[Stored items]
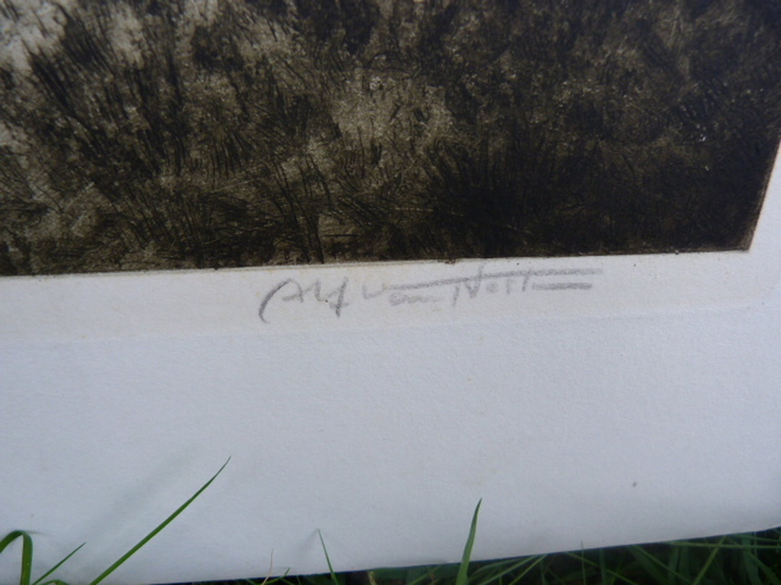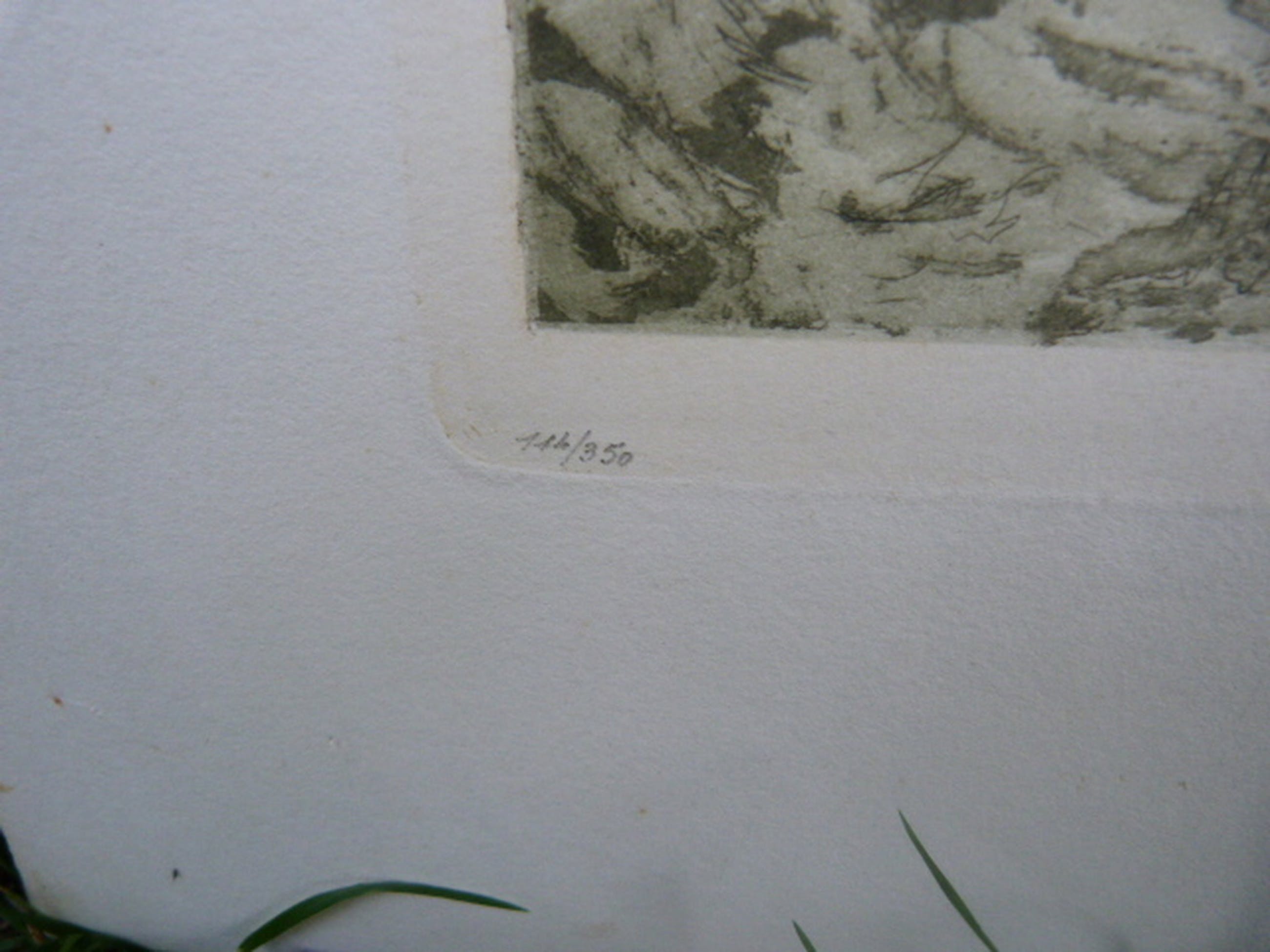 Ets : 60 x 48 cm. Volledig blad : 75 x 61 cm.
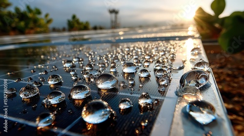 solar panel, water droplets, sunrise, renewable energy, clean energy, technology, environmentally friendly, nature, sunlight, dew, closeup, morning, energy, power, innovation, environment, sustainable, clean, solar energy, alternative energy, photovoltaic, panel, water, droplet, dripped, dawn, morning light, bright, glistening, crystal, clear, fresh, ecological, conservation, eco, global warming, climate change, earth, science, energy efficiency
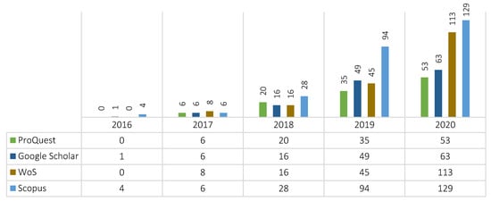 - Limiting the search time frame between 2016 and 2020 to have a consistent a range of results across all databases;
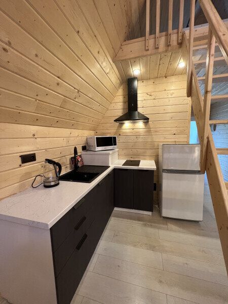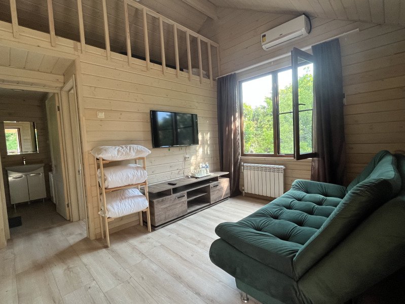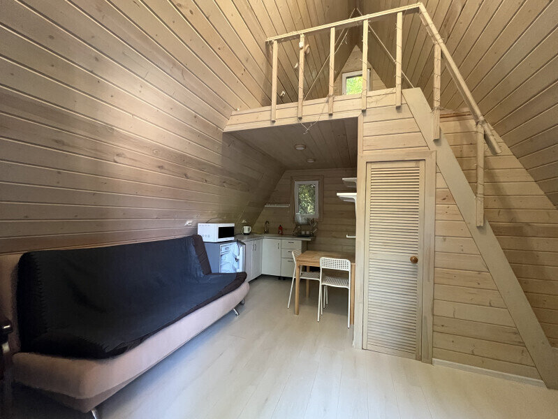 В номере кухня-гостиная + мансардный этаж, санузел.
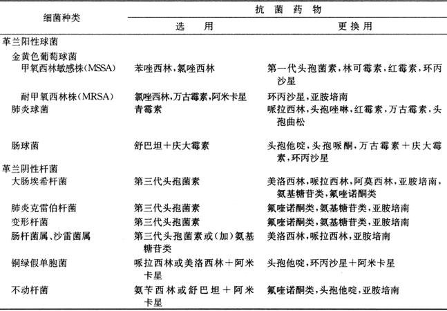 释义 | 病原治疗 【释文】: 鉴别病原菌及对抗菌药敏感性测定是治疗败血症的基础,合理选用敏感抗菌药是治疗的关键。抗菌药的应用原则为:“有效联合,杀菌制剂,静脉给药,剂量宜大,疗程宜长。” 1.病原菌不明时的经验性抗菌治疗应根据临床资料估计可能的病原菌,选用较合理的治疗方案,兼顾革兰阳性菌和阴性菌,覆盖性杀灭病原体。可先用广谱抗生素,一般选用抗假单胞菌青霉素(如哌拉西林、替卡西林)或第3、第4代头孢菌素联合氨基糖苷类抗生素。也可选用氟喹诺酮类或头孢类单用。下列临床特点可供选择抗菌药时参考。 (1)病前体健的男性青年,原发炎症病灶为皮肤疖肿,发病后有皮疹、迁徙病灶,金葡菌败血症的可能性大。 (2)体内留置异物,如人工瓣膜、人工关节、各种导管或起搏器等,发生医院内感染,应考虑表葡菌败血症。 (3)免疫功能低下者的院内感染也常由金葡菌及假单胞菌属引起,可选用万古霉素与头孢他啶联合。如细菌自泌尿生殖道、肠道、胆道入侵,发病后休克、低蛋白血症;致病菌常为革兰阴性杆菌。 (4)长期使用糖皮质激素、广谱抗生素、化疗、胃肠外营养、血液透析的免疫低下病人院内感染,还应考虑真菌致病的可能。 (5)自胃肠道、女性生殖道、褥疮溃疡等入侵的感染,发病后合并高胆红素血症、血栓性静脉炎、迁徙性脓肿及肺炎等,应警惕厌氧菌感染。 (6)因输液液体或留置管污染引起的败血症常为肺炎克雷伯杆菌、凝团肠杆菌等所致。高能营养液易为真菌污染。血污染常由大肠埃希杆菌、铜绿假单胞菌引起。 (7)烧伤病人发生的败血症,早期多为单一细菌,晚期常为混合感染,金葡菌、铜绿假单胞菌、变形杆菌、大肠埃希杆菌均常见。白血病病人易发生由耐药葡萄球菌、铜绿假单胞菌及革兰阴性杆菌等引起的败血症。 2.明确病原菌药敏结果未知时的抗菌药选择除考虑有效外,还应选择费用低、不良反应少的药物。目前金葡菌对青霉素普遍耐药(95%以上),对苯唑西林、第一代头孢菌素(头孢噻吩、头孢唑啉)的耐药菌株日趋增多。首选苯唑西林或氯唑西林,也可用第一代头孢菌素,联合应用利福平。耐甲氧西林株(MRSA)可首选万古霉素与氨基糖苷类或利福平联合应用。革兰阴性杆菌对氯霉素、氨苄西林等普遍耐药;首选第3代头孢菌素及氟喹诺酮类,或哌拉西林与氨基糖苷类合用。厌氧菌和需氧菌组成的复数菌感染首选甲硝唑、克林霉素、氯霉素、第3代头孢菌素及氨基糖苷类等,严重复数菌感染可选用亚胺培南或亚胺培南-西司他丁钠(泰能)。真菌败血症首选二性霉素B或氟康唑。L型菌选用氯霉素、克林霉素、利福平、四环素及多黏菌素等。表21-5可供参考。 表21-5 常见败血症抗菌药物的选择 3.根据药敏试验选择敏感抗菌药 这才是真正合理的抗菌治疗。临床经验不能代替药敏试验。 |
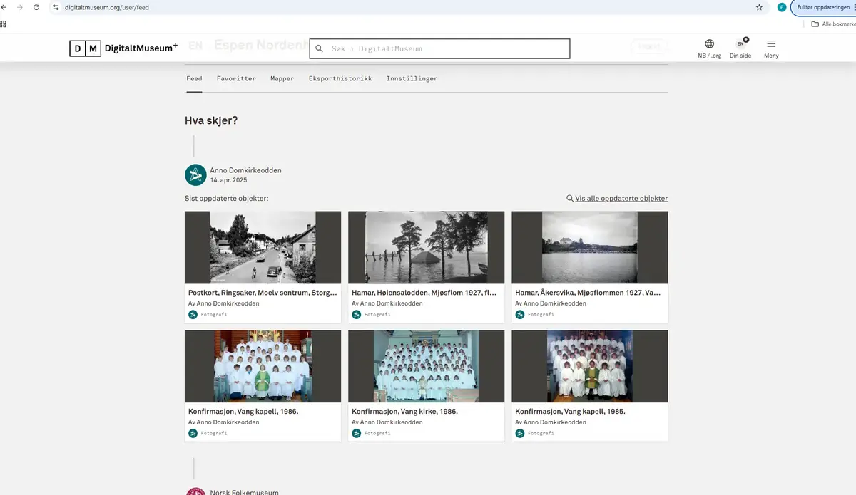 Første gang du besøker din profil, vil feeden være tom. Du kan som innlogget bruker imidlertid følge enkeltmuseer. Dette gjør du ved å besøke et museum på DigitaltMuseum og klikk på "Følg"-knappen. Du finner en oversikt over alle museer på DigitaltMuseum på https://digitaltmuseum.no/museums. Feeden din vil bestå av aktivitet fra de museene du har valgt å følge.
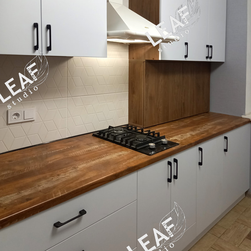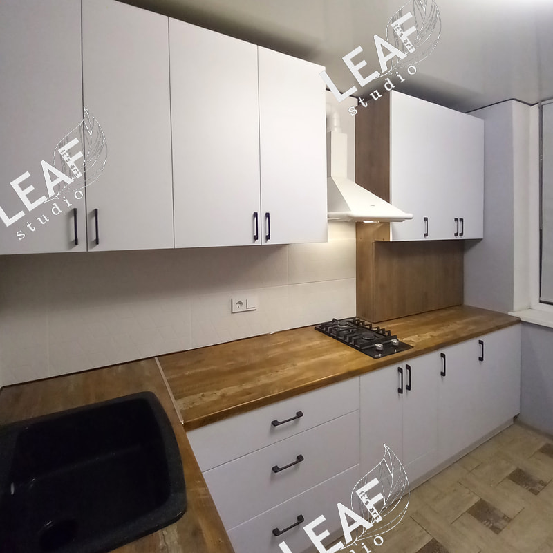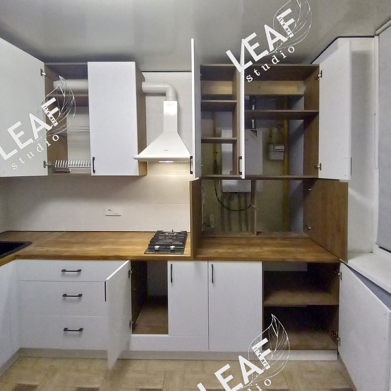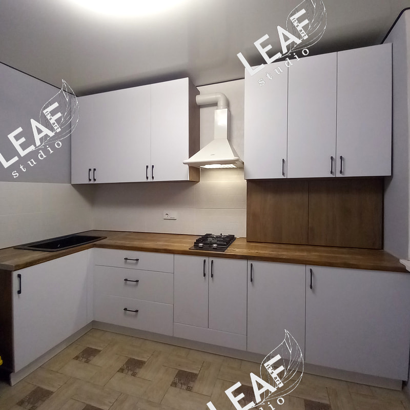 Размер 3100х1500мм, верхние шкафы 1000мм, МДФ пленка.
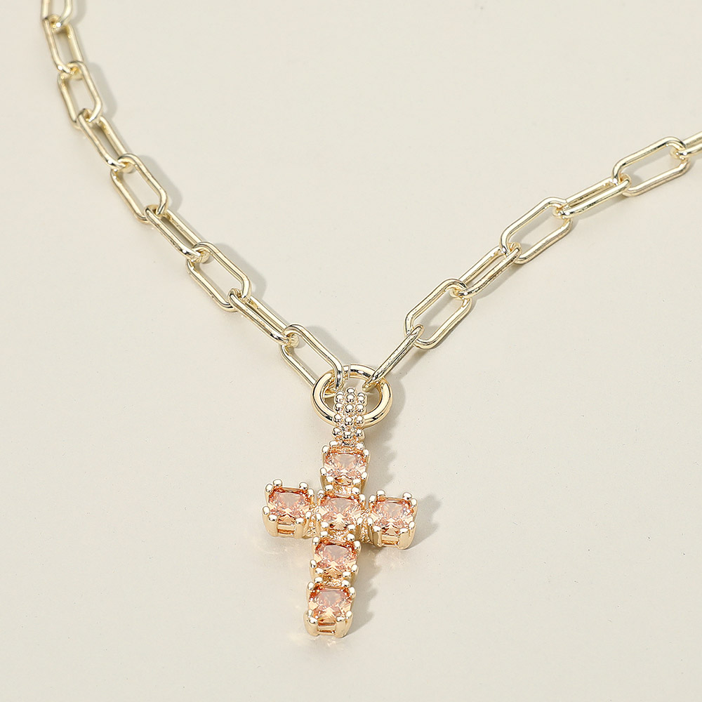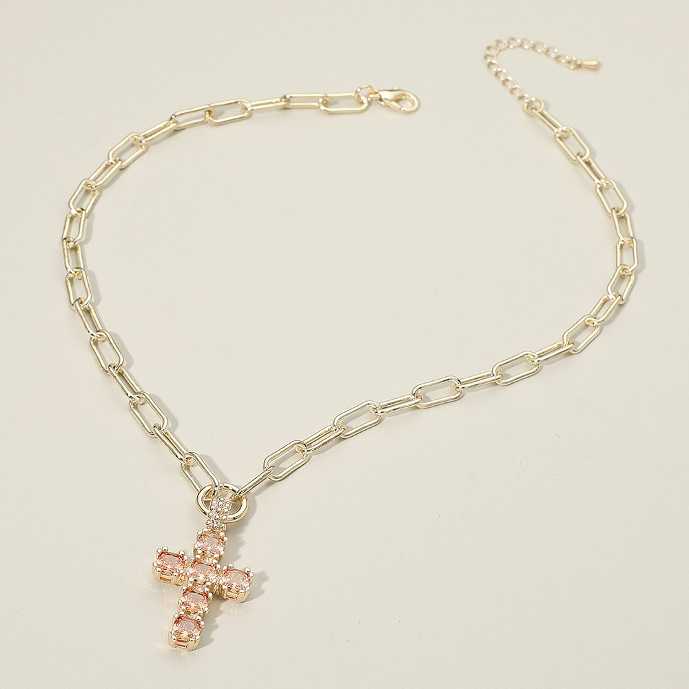 • A refined necklace featuring a sparkling cross pendant suspended from a modern paperclip-style chain. Its polished finish and timeless silhouette make it a standout accessory for everyday wear or special occasions, adding a touch of elegance to any look.
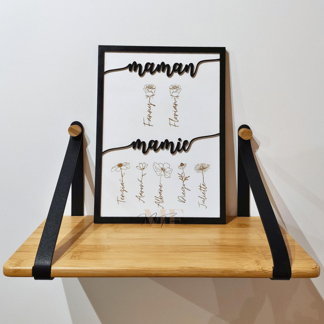 Cadre en bois personnalisé, un cadeau unique pour Maman et Mamie ! Les prénoms des enfants et petits-enfants sont délicatement gravés sur le fond et le contour du cadre, tandis que les mots "Maman" et "Mamie" ressortent en relief pour une touche d'élégance. Un souvenir précieux à chérir pour toujours.

> **Required work**
What lines above run from the one with "Размер 3100х1500мм, верхние" to the one with "to any look."? Give them again exactly, ends included, and leave the pictures out.

> **Response**
 Размер 3100х1500мм, верхние шкафы 1000мм, МДФ пленка.
 • A refined necklace featuring a sparkling cross pendant suspended from a modern paperclip-style chain. Its polished finish and timeless silhouette make it a standout accessory for everyday wear or special occasions, adding a touch of elegance to any look.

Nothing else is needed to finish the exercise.